Lyng Coyne is overloaded with homework, reading, working out and “even learning to cook,” the Shelter Island High School senior said, describing the new normal of life without a school to go to.

Asked how the self-taught cooking classes are going, she paused before answering. “At least I haven’t burned down the kitchen,” she said. “Yet.”

Since school closed in the middle of last month to mitigate the spread of the COVID-19 coronavirus, Ms. Coyne and her fellow seniors have faced the fact that celebrating a rite of passage, of finishing high school before going out into the world, is on hold or might be cancelled.

She and her classmates on Shelter Island might be home alone individually, but the total number of students studying remotely is staggering. According to the World Economic Forum, schools in over 100 countries are closed, “affecting the education of nearly 1 billion children.”

The prom seems in jeopardy of happening here, and even graduation ceremonies might be curtailed.

It’s difficult, Ms. Coyne said, and more difficult because of what seems an enormous amount of homework from the digital learning program paired with occasional video sessions with her teachers.

“It just seems a lot,” the honors student said, who will attend Providence College in the fall on an honors program at the Rhode Island school.

Part of the work load, she realizes, is more onerous because she’s being a student by herself. “I miss going to school, being in class and outside class with my girlfriends and the guys,” she said.

A stand-out student athlete, she has always filled her schedule as a member of the basketball, volleyball and track teams, as well as acting in the school’s spring musical.

But now she’s home, and not completely happy with it, “although I like the free time,” she said. Studying, communicating with her teachers, she’s also working out with weights, reading — a novel by Sarah Dessin and “The Other Wes Moore” — watching movies and turning herself into a cook.
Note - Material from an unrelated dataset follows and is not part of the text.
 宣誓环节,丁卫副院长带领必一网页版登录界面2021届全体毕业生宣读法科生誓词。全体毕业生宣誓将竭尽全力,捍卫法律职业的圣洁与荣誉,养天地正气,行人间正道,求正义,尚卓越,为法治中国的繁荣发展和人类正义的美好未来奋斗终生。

“I’m making different rice bowls, and different seafood plates,” she said. Her father, Chris Coyne, who harvests and sells oysters, has provided some of the ingredients for what Ms. Coyne said were some of her successful “full-rounded meals. I’m doing O.K.”

Walter Richards, her senior year classmate, is also doing, O.K., he said, even with a schedule that’s filled day and night.
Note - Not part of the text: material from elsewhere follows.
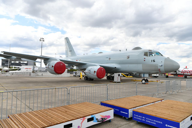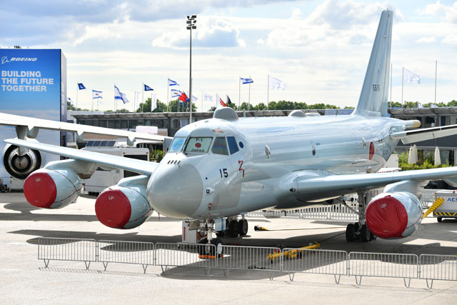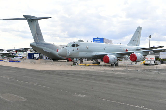 パリ航空ショー会場のル・ブルジェ空港で展示準備が進む海自P-1=19年6月15日 PHOTO: Tadayuki YOSHIKAWA/Aviation Wire
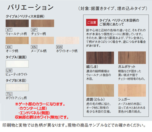 ※タイプA(ベリティス木目柄)はシステムキッチンやドアとのカラーコーディネートも可能です。

The honor roll student and star varsity basketball player is working for his father’s landscaping business from 8 to 5 during the day and then doing homework at night.

Like Ms. Coyne, Mr. Richards finds the homework assignments a heavy load, and agrees with her that it’s more difficult learning remotely than being in a class with other students and a teacher.
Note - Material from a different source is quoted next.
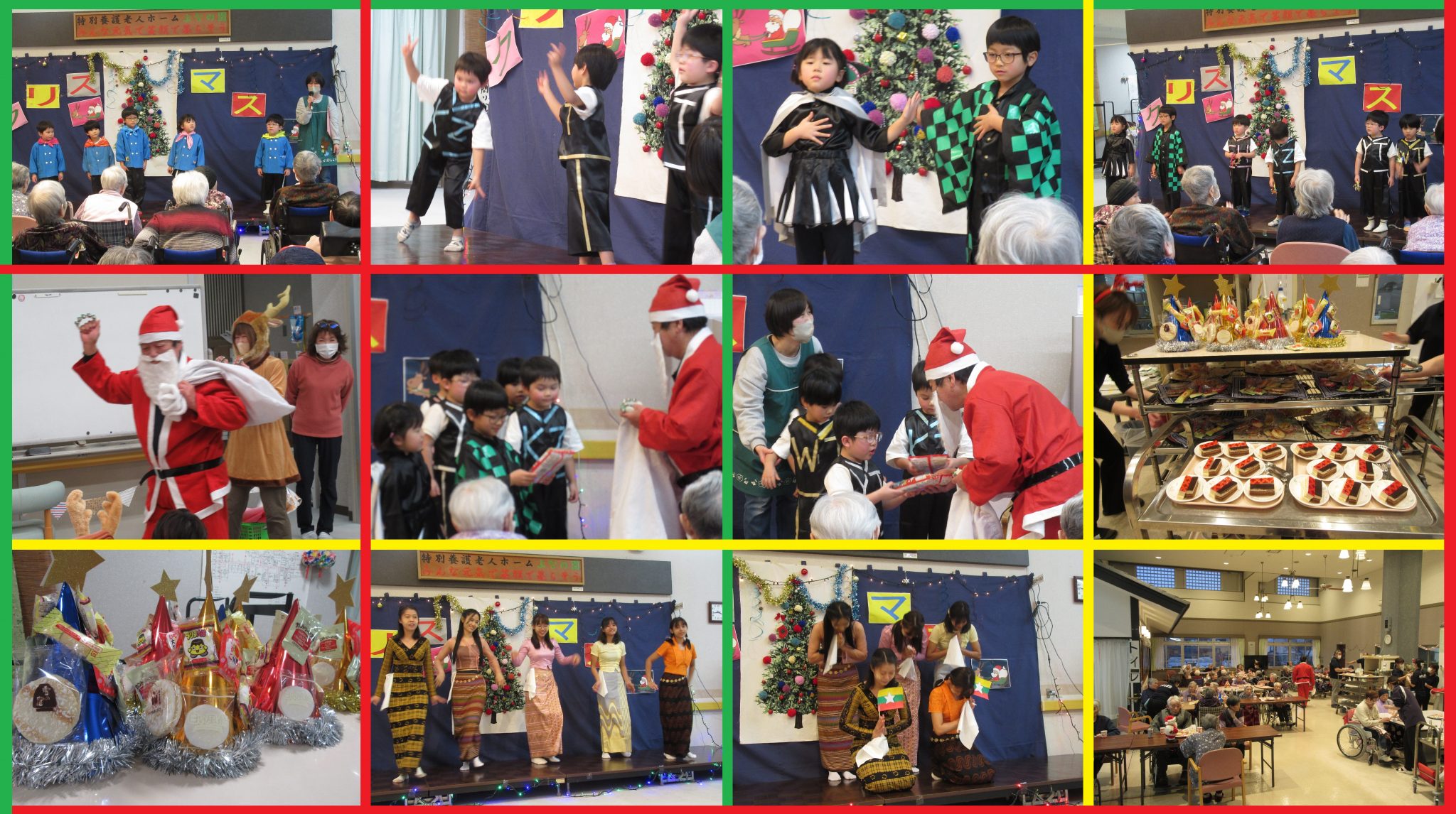 12月25日 今日はクリスマス✨ぶなの園では毎年クリスマスに忘年会を行っています。今年のゲストは、川舟保育所のみなさんでした。元気な踊りに手をたたいて大歓迎。「あや~めんこい」「あや~めんこい」と園児のみなさんから若さを吸い取らせていただきました (^^

“Sometimes it’s difficult to pick up what the teacher is teaching on a video,” he said.

Losing out on the fourth quarter of his senior year and celebrations with his classmates is a situation that just has to be dealt with, he said. “Sometimes I feel like this sucks, and I miss school, but never to the point of getting angry about it,” he said. “It’s not earth shattering.”

Mr. Richards counts himself lucky to have a job that gets him out of the house, luckier than some classmates who are not taking isolation well.

Speaking about a close friend, he said, “His parents won’t let him out at all, just the yard,” and it’s “getting to him.”

Ms. Coyne gets out and sometimes sees friends — “the one’s not on house arrest by their parents” — keeping social distance for nature walks.

School in the fall will be exciting, she said, with a major in math and minors in biology and business. She’s looking forward to living in Providence, and taking advantage of city life.

“But I’m doing all right now,” she said. “We’re all doing all right.”

This fall, Mr. Richards is off to SUNY Cobleskill in upstate New York to study landscape contracting. It will good to be away, to experience new things, he said, adding, “But I’ll always be here. Shelter Island is my home.”